**EXERCISE GOAL:**
In the records below, find the line holding "Huoneistoselitelmä | Tupa, mh, s, et, lasitettu"; copy it and every line after it to the end, omitting all images.

**EXERCISE DATA:**
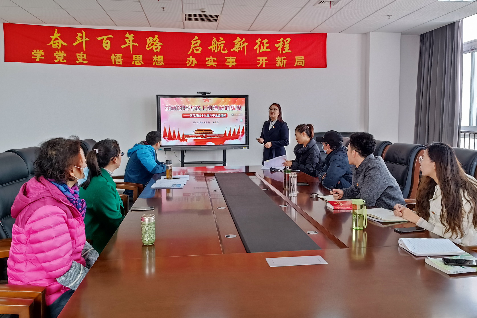 2021年12月1日中午,马克思主义学院党总支教工一支部(全省高校党建工作样板支部培育单位)在1号教研楼410会议室,举办了党的十九届六中全会精神集体学习活动,活动由支部书记李晓勤主持,支部全体党员参加。
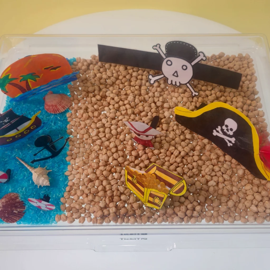 Mesa sensorial pirata con legumbres: trasvases, texturas y búsqueda del tesoro
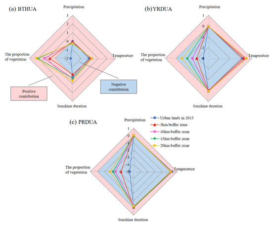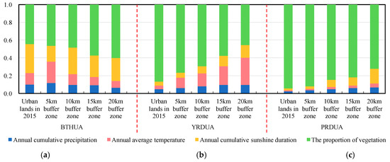 Moreover, we evaluated the importance of the annual cumulative precipitation, the annual average air temperature, the annual cumulative sunshine duration, and the proportion of vegetation to the NPP in the urban lands, 5 km buffer zone, 10 km buffer zone, and 20 km buffer zone of the BTHUA, the YRDUA, and the PRDUA (
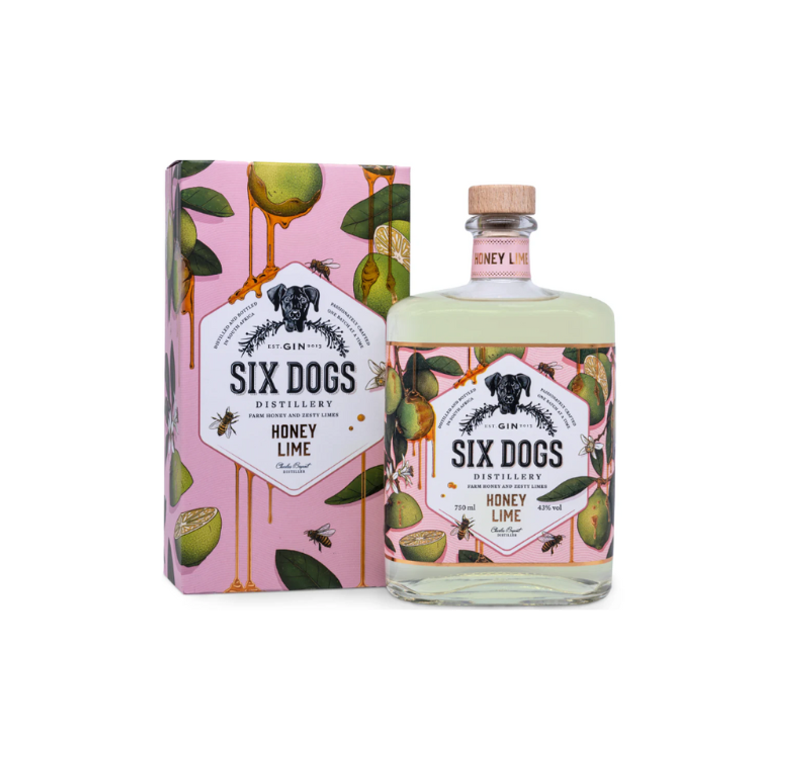 Six Dogs Honey Lime Gin is a premium artisanal spirit crafted by Six Dogs Distillery in the Western Cape, South Africa. Born from a unique sustainability project, the distillery collaborated with Bee Smiths, a bee conservation company, to relocate rescued bees to their farm situated at the intersection of the Fynbos and Karoo biomes. The bees thrived in this environment, producing honey that was then incorporated into the gin, resulting in a harmonious blend of farm-grown limes and locally sourced honey. This innovative approach combines traditional gin botanicals with the distinct flavors of the region, creating a truly unique spirit.
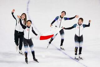 女子団体追い抜きで銅メダルを獲得し、日の丸を掲げ場内を回る(左から)堀川桃香、高木美帆、野明花菜、佐藤綾乃=ミラノ(共同)
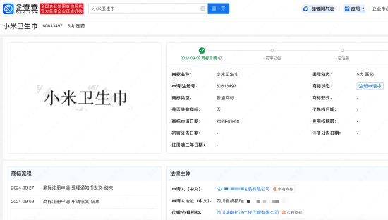 据查询企查查APP发现,今年9月,已有成都一包装有限公司申请注册一枚“小米卫生巾”商标,国际分类为医药,商标状态为注册申请中。(罗宁)
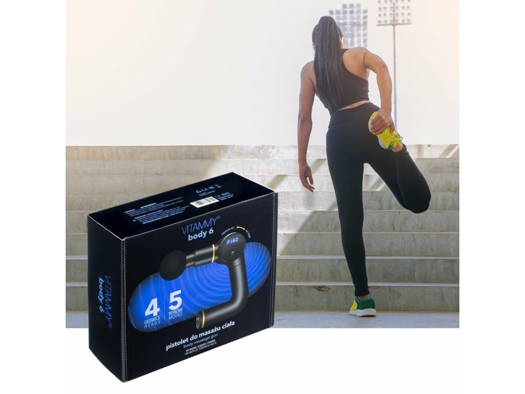VITAMMY BODY 6, Ľahká a bezpečná samomasážna pištoľ na telo, čierna
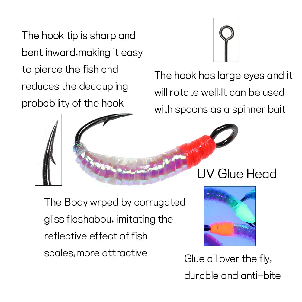 Bimoo 9pcs 8# 10# 12# UV Flashabou Gliss Body Nymphs with Big Eye Hook
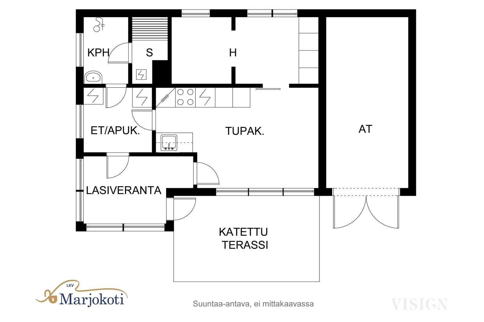 Huoneistoselitelmä | Tupa, mh, s, et, lasitettu veranta, at |
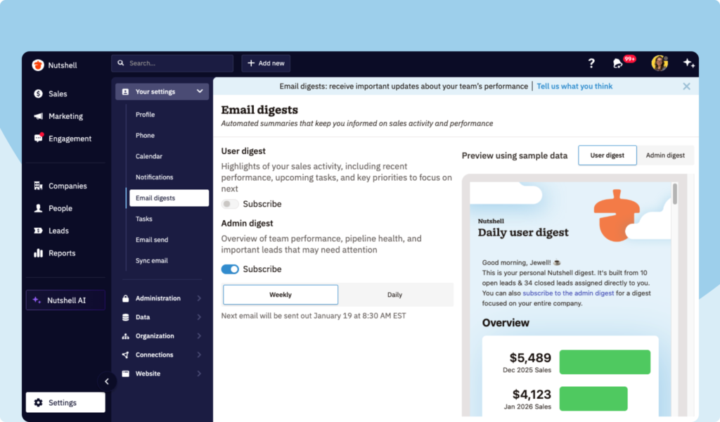 Email digests are available to all Nutshell teams on Nutshell Sales Pro and above..
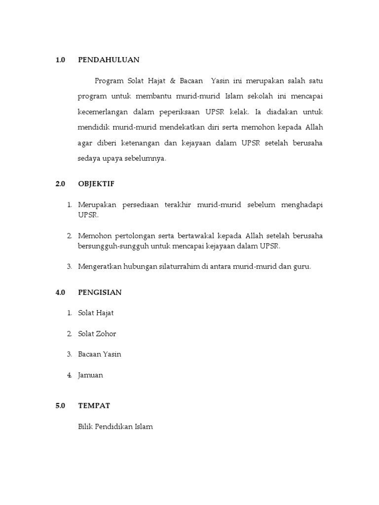 Kertas Kerja Solat Hajat Dan Bacaan Yassin Upsr 2017 Documents
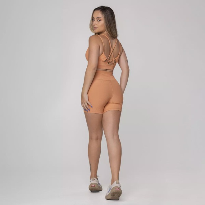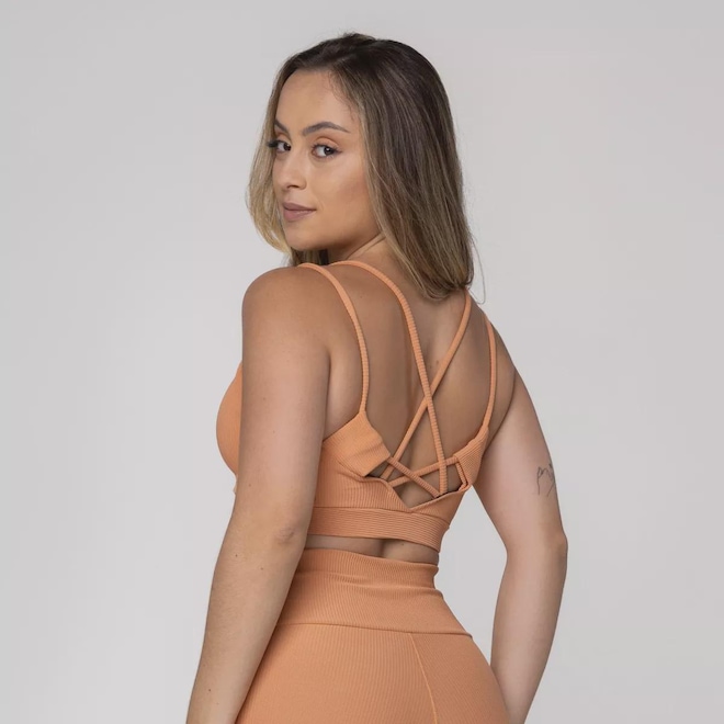 Detalhe de tiras trançadas nas costas que valorizam o visual e dão aquele UP no treino

**SOLUTION TO THE EXERCISE:**
 Huoneistoselitelmä | Tupa, mh, s, et, lasitettu veranta, at |
 Email digests are available to all Nutshell teams on Nutshell Sales Pro and above..
 Kertas Kerja Solat Hajat Dan Bacaan Yassin Upsr 2017 Documents
 Detalhe de tiras trançadas nas costas que valorizam o visual e dão aquele UP no treino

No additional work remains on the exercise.